Suppose $f(E)$ is the union of $Z_1 \cap f(E)$ and $Z_2 \cap f(E)$, for two distinct closed subsets $Z_1$ and $Z_2$ of $Y$; this is equal to the intersection $(Z_1 \cup Z_2) \cap f(E)$, so $f(E)$ is then contained in the union $Z_1 \cup Z_2$. For the irreducibility of $f(E)$ it suffices to show that it is contained in either $Z_1$ or $Z_2$. The relation $f(E) \subseteq Z_1 \cup Z_2$ shows that $f^{-1}(f(E)) \subseteq f^{-1}(Z_1 \cup Z_2)$; as the right-hand side is clearly equal to $f^{-1}(Z_1) \cup f^{-1}(Z_2)$ and since $E \subseteq f^{-1}(f(E))$, it follows that $E \subseteq f^{-1}(Z_1) \cup f^{-1}(Z_2)$, from which one concludes by the irreducibility of $E$ that $E \subseteq f^{-1}(Z_1)$ or $E \subseteq f^{-1}(Z_2)$. Hence one sees that either $f(E) \subseteq f(f^{-1}(Z_1)) \subseteq Z_1$ or $f(E) \subseteq Z_2$.

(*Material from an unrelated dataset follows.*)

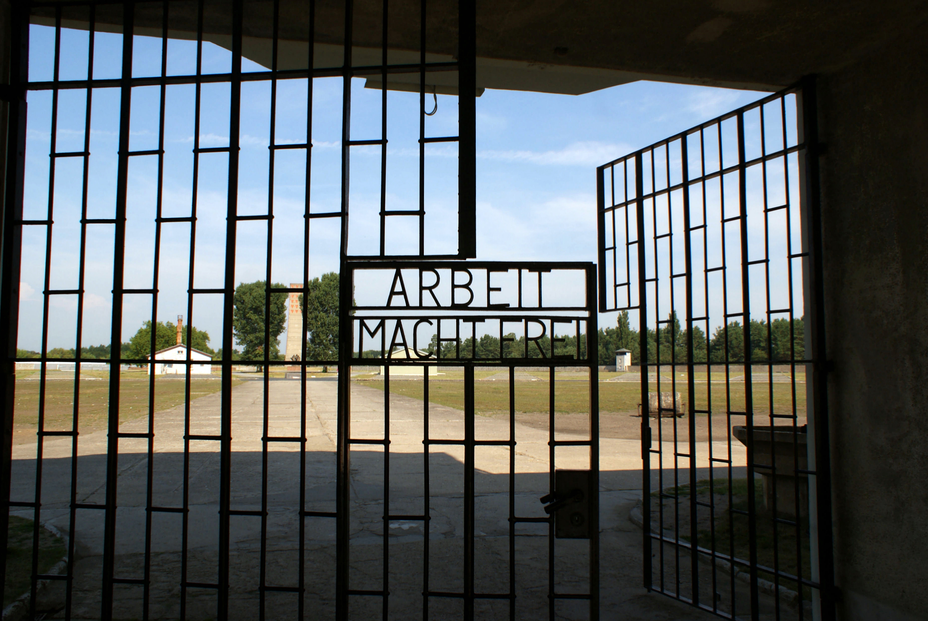 Gate of Concentration Camp Sachsenhausen Oranienburg Germany Tekst Arbeit Macht Frei

Added the proof and fix long line. Thanks!

Things get simpler if you first replace $f$ by $E\to f(E)$. The statement becomes: "if $X$ is irreducible and $f$ surjective then $Y$ is irreducible". Now of course $Y$ is nonempty if $X$ is, and then if $Y=Y_1\cup Y_2$ with $Y_1$, $Y_2$ closed, then from the irreducibility assumption you get that $X=f^{-1}(Y_i)$ for some $i$, hence $Y=Y_i$ since $f$ is surjective.

OK, yes what you say makes sense, but since the proof is correct and since this is so early in the theory, it isn't worth it to me to make the change. If you want to make the edits to the latex file and send it to me, then I'll reconsider.